Сегодня по собственной воле, без постороннего давления ради отмщения она пустилась в странное, безумное предприятие, в котором ничто, даже ее имя, не могло прийти ей на помощь. Если ее поймают, ей грозит виселица, как любой дочери цыганского племени, и ее тело будет гнить далеко от того края, где Арно медленно идет к своей смерти. Но даже мысль об этом не поколебала ее решения.
Забывшись в своих размышлениях, она вздрогнула, когда королева произнесла:
— Прежде чем мы разойдемся, поклянитесь снова, мессиры, как вы уже это сделали в Ване, честно сохранять в тайне наше решение и не жалеть ни времени, ни сил для того, чтобы человек, приговоренный нами, понес заслуженную кару.
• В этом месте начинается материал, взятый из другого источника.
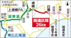 事業化されている本別IC-釧路間は、延長65キロのうち本別IC-浦幌ICの8キロが2009年度に開通。白糠IC-阿寒IC間の14キロは来年度中に開通予定。阿寒IC以東の17キロ開通時期は未定。(関坂典生)
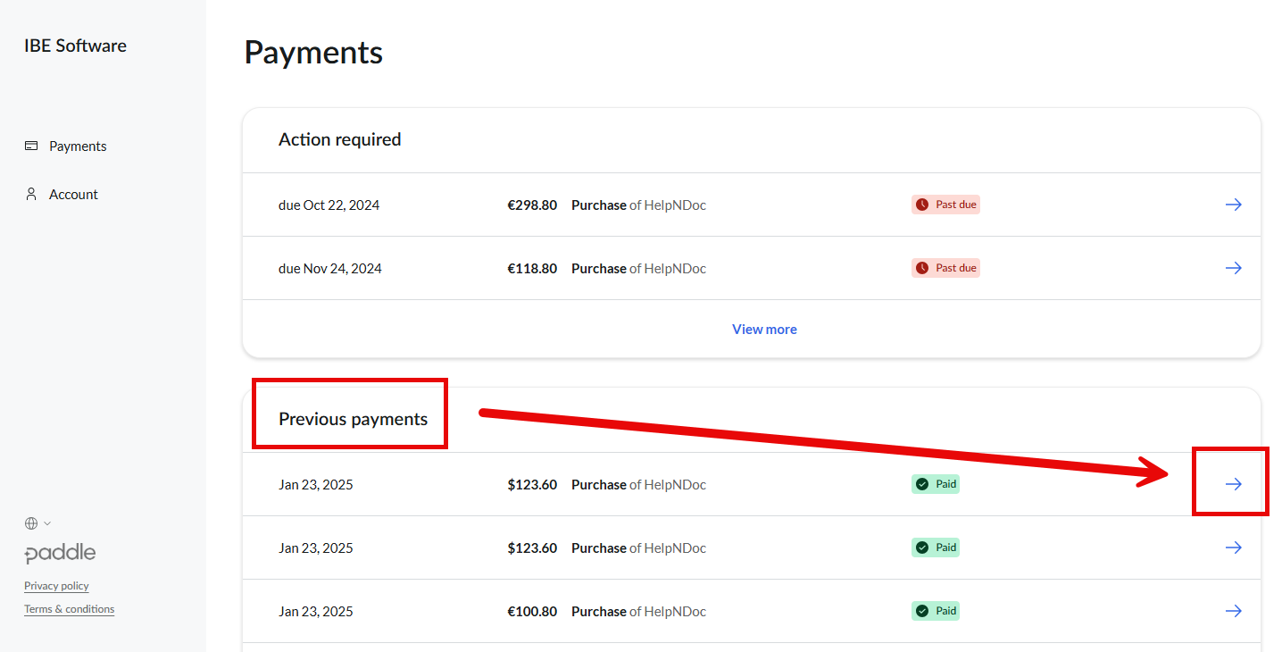 - Ouvrez la section Previous payments

Клянитесь, и пусть нам придут на помощь святые Дева Мария и Иисус Христос!
Рыцари протянули в едином порыве свои руки к кресту с сапфиром, который епископ подносил им.
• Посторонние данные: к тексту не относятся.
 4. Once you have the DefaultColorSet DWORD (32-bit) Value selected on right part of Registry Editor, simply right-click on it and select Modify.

— Клянемся! — хором произнесли они. — Ла Тремуйль будет наказан или мы погибнем!
Потом один за другим они преклонили колено перед Иоландой, которая протягивала всем руку для поцелуя, и наконец покинули зал. Остались только Ришмон и Тристан Эрмит, чтобы обсудить детали плана. Пока королева и коннетабль беседовали, Катрин подошла к фламандцу.
— Я хочу вас поблагодарить, — сказала она. — Ваша идея оказалась спасительной, и я вижу в этом знак судьбы. Вы не могли знать, что моя фрейлина…
— И все-таки я это знал, мадам, — ответил Тристан с легкой улыбкой. — Не благодарите меня больше, чем я того заслужил. Не я вам дал идею, мадам Катрин, это вы мне дали ее!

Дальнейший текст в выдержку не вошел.